August 4, 2017 Bible Study — The Righteous Do Not Fear Death

I am using the daily Bible reading schedule from “The Bible.net” for my daily Bible reading.

Today, I am reading and commenting on Isaiah 57-59.

    The passage begins with a short explanation that sometimes the reason good people suffer an untimely death is to save them from experiencing evil later on. For those who love the Lord, death is not a terrible thing. For those people, death is not the end. They will enter into the presence of God and know peace that we can never experience in this life. It is worth noting that the prophet contrasts the untimely death of the righteous with the lives of wickedness and sin lived in an attempt to avoid what they dread and fear. Yet, in the end they will fail to escape judgment. They will experience that which they fear and dread.

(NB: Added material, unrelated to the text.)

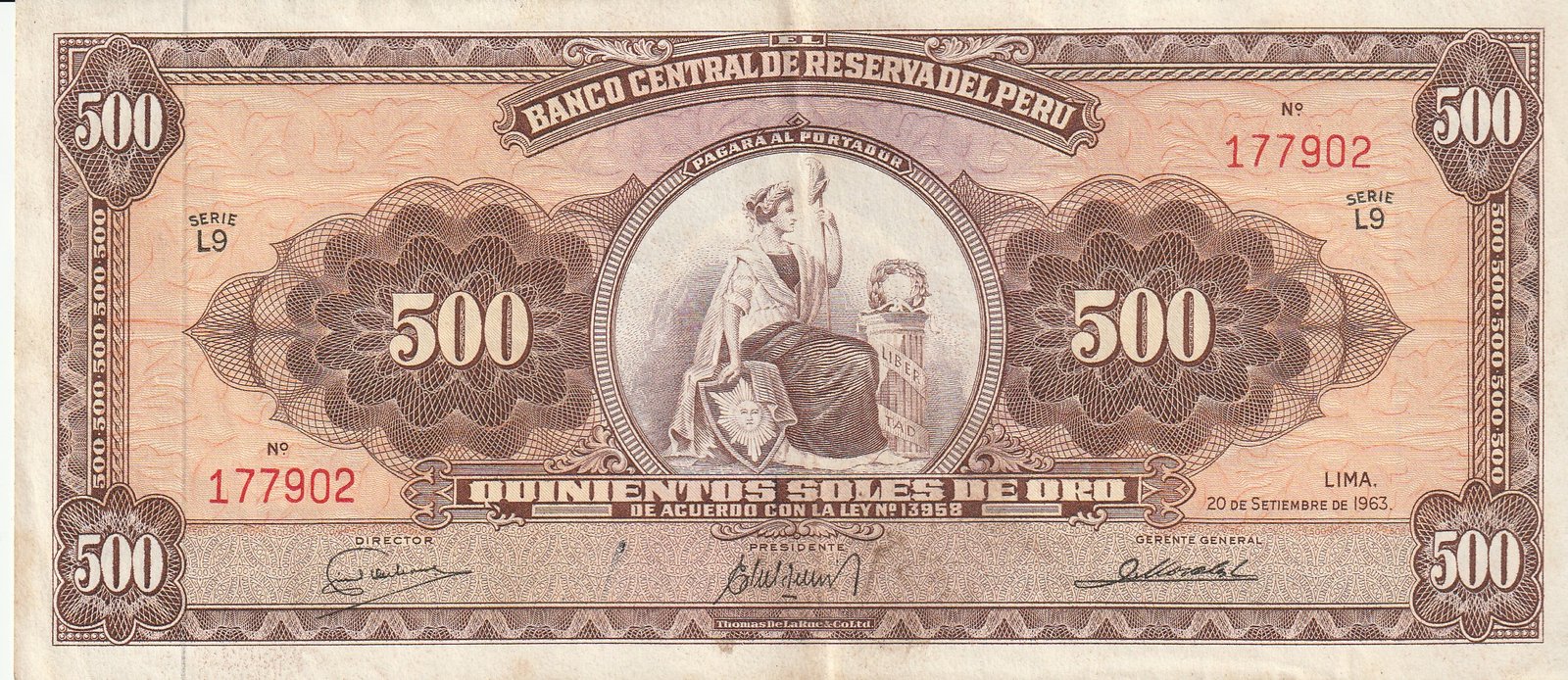 Perú PER-P-87a(63), 500 Soles, 1963, Nº 177902, Look Scand, Very Fine+++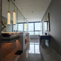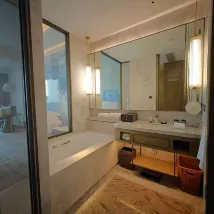 The hotel is only a dozen kilometers away from Suzhou South Railway Station, and it is not easy to get stuck in traffic. It is not far from Tongli Ancient Town, Xitang Ancient Town, and Jinxi Ancient Town. The room design is relatively reasonable, and the bathroom and washroom are in two spaces so that they can be undisturbed. The bathroom also has a separate washbasin that is inductive. The glass next to the bathtub can be misted or transparent. The design is more humane.

    Chapter 58 contains a great summation about hypocrisy. Fasting does not serve a useful purpose if we do not use the time to examine our lives and see how we can better serve God. God does not want us to fast, or pray, or go to Church, or any of many other things for themselves. Going to Church and worshiping God are good things, but if we do not come out of them inspired to care for those in need our worship is empty. I want to emphasize that this about examining our lives to see how we can feed the hungry, free the oppressed, or clothe the naked, not to condemn others for not doing so. I just realized that most of the time when people go over this passage they stop before they get to the end of this passage, where the prophet says exactly that, “If you do away with the yoke of oppression, with the pointing finger and malicious talk,…” Notice how he puts blaming others for doing wrong right alongside of oppressing people yourself. The writer actually expands on this in chapter 59. If we do not make our arguments with integrity, if we attempt to win with deception and lies, then God will not give us justice. Yet, God will come, indeed he has come, as a redeemer for those who repent of their sin.